▶ **PROBLEM DETAILS**
Consider the listing below. Extract exactly the lines from the line containing "In high quality" to the line containing "五岳之首 王宁最新力作八尺横幅泰山国画《紫气东来》作品来源:易从网", both included.

▶ **MATERIAL TO PROCESS**
"""

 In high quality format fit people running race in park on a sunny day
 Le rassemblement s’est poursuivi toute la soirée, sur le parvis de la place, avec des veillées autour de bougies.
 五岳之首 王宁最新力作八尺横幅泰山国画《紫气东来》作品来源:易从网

"""
"""

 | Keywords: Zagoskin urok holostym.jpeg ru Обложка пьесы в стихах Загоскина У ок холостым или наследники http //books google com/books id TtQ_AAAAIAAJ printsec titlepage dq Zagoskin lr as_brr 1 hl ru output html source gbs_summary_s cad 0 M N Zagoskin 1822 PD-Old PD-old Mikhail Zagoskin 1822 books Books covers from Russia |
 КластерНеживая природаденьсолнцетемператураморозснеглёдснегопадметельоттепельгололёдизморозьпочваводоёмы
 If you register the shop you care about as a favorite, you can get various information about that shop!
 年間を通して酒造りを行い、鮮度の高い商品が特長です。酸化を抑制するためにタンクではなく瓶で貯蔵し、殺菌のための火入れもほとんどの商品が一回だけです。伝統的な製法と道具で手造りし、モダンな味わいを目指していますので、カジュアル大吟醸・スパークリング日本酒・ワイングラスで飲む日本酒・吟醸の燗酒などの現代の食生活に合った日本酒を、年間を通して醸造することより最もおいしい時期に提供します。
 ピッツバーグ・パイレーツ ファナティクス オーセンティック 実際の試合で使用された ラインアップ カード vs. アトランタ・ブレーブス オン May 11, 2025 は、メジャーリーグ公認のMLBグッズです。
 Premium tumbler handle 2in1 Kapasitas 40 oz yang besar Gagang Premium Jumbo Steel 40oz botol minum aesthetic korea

"""

▶ **ANSWER FOR THE TASK**
 In high quality format fit people running race in park on a sunny day
 Le rassemblement s’est poursuivi toute la soirée, sur le parvis de la place, avec des veillées autour de bougies.
 五岳之首 王宁最新力作八尺横幅泰山国画《紫气东来》作品来源:易从网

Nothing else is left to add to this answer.